AT ACR 2022
PHILADELPHIA – The first consensus screening guidelines for patients with idiopathic inflammatory myopathy (IIM) provide recommendations on risk stratification for individuals, basic and enhanced screening protocols, and screening frequency.
The recommendations, issued by the International Myositis Assessment and Clinical Studies Group (IMACS), stratify cancer risk for individual patients into low, intermediate, or high categories based on the IIM disease subtype, autoantibody status, and clinical features, reported Alexander Oldroyd, PhD, MSc, MBChB of the University of Manchester, England.
Neil Osterweil/MDedge News
Dr. Alexander Oldroyd
“There’s a big unmet need for cancer screening. One in four adults with myositis has cancer, either 3 years before or after a diagnosis of myositis. It’s one of the leading causes of death in these patients, and they’re overwhelmingly diagnosed at a late stage, so we need standardized approaches to get early diagnosis,” he said in an interview at the annual meeting of the American College of Rheumatology.
Sharon Kolasinski, MD, of the University of Pennsylvania in Philadelphia, said in an interview that the guideline is a welcome development for rheumatologists. Dr. Kolasinski moderated the session where Dr. Oldroyd described the guideline, but she was not involved in its formulation.
“I think that we all have wondered for a very long time: What is the optimal cancer screening for myositis patients? We all worry that the onset of their diseases is associated with a coincident cancer, or that they will develop it soon,” she said.
Dr. Oldroyd emphasized that all patients with myositis have elevated risk for cancer compared with the general population and that the guideline categories of low, intermediate, and high are relative only to patients with IIM.
International consensus
The data on which the recommendations are based come from a systematic review and meta-analysis by Dr. Oldroyd and colleagues of 69 studies on cancer risk factors and 9 on IIM-specific cancer screening.
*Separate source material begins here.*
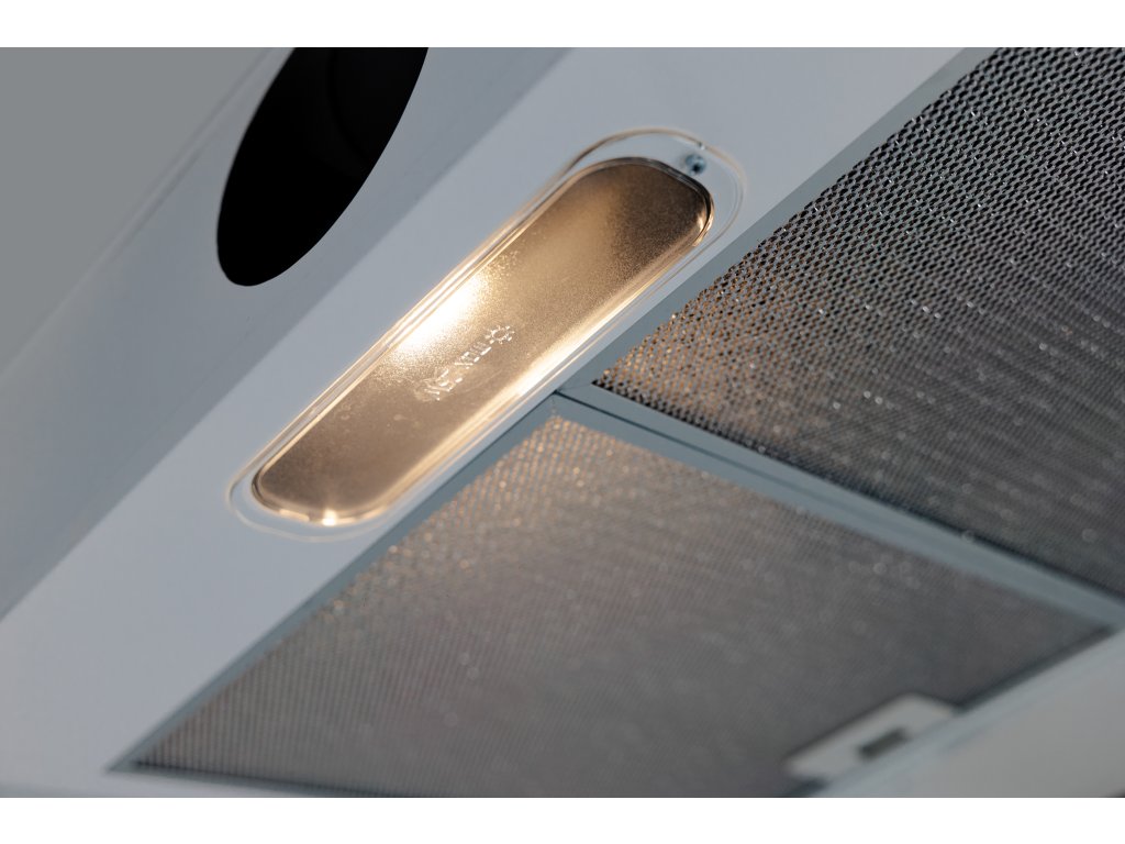Podskříňková digestoř, šíře 60 cm,bílá, max. výkon 160 m3/h (15 Pa), hlučnost Lw 50 – 61 dB(A), 3 rychlosti, mechanické tlačítkové ovládání, kovové sendvičové tukové filtry, které lze mýt v myčce, možnost práce v odtahovém i recirkulačním režimu, výstupní průměr 120 mm, osvětlení 1 × 4 W LED žárovka E14, Výbava: zdarma zpětná klapkaDoplňkové parametry

The authors of that paper found that the dermatomyositis subtype, older age, male sex, dysphagia, cutaneous ulceration and antitranscriptional intermediary factor-1 gamma (anti-TIF1-gamma) positivity were associated with significantly increased risk of cancer.
In contrast, polymyositis and clinically amyopathic dermatomyositis subtypes, Raynaud’s phenomenon, interstitial lung disease, very high serum creatine kinase or lactate dehydrogenase levels, and positivity for anti-Jo1 or anti-EJ antibodies were associated with significantly reduced risk of cancer.
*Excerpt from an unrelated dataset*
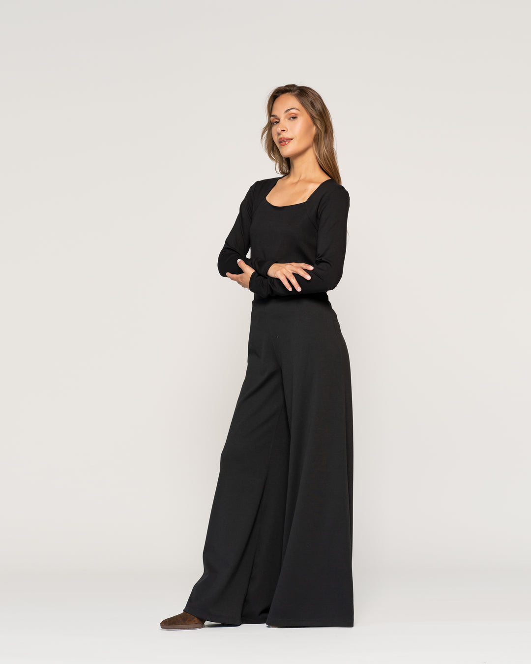 Polera Almudena Negro Cuello ovalado Manga larga Ajustada Puño ajustado Mujer

The consensus recommendations were developed with anonymous contributions from 75 expert participants in 22 countries, with additional input from 3 patient partners.
Do this
The guideline lists 18 recommendations, of which 13 are strong and 5 are conditional.
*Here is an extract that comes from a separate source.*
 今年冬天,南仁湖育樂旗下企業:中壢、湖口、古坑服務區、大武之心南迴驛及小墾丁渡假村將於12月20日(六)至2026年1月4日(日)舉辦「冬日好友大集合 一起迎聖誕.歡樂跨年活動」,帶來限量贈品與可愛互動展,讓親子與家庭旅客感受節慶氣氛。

An example of a strong recommendation is number 3, based on a moderate level of evidences:
“All adult IIM patients, irrespective of cancer risk, should continue to participate in country/region-specific age and sex appropriate cancer screening programs,” the guideline recommends.
Patients with verified inclusion body myositis or juvenile-onset IIM do not, however, require routine screening for myositis-associated cancer, the guideline says (recommendations 1 and 2).
There are also recommendations that all adults with new-onset IIM be tested for myositis-specific and myositis-associated autoantibodies to assist in stratifying patients by risk category.
The guideline divides screening recommendations into basic and enhanced. The basic screening should include a comprehensive history and physical exam, complete blood count, liver functions tests, erythrocyte sedimentation rates/plasma viscosity, serum protein electrophoresis, urinalysis, and chest x-ray.
Adults with IIM who are determined to be at low risk for IIM-related cancer should have basic cancer screening at the time of IIM diagnosis. Adults with intermediate risk should undergo both basic and enhanced screening at the time of IIM diagnosis, and those with high risk should undergo enhanced screening at the time of myositis diagnosis, with basic screening annually for 3 years, the recommendations say.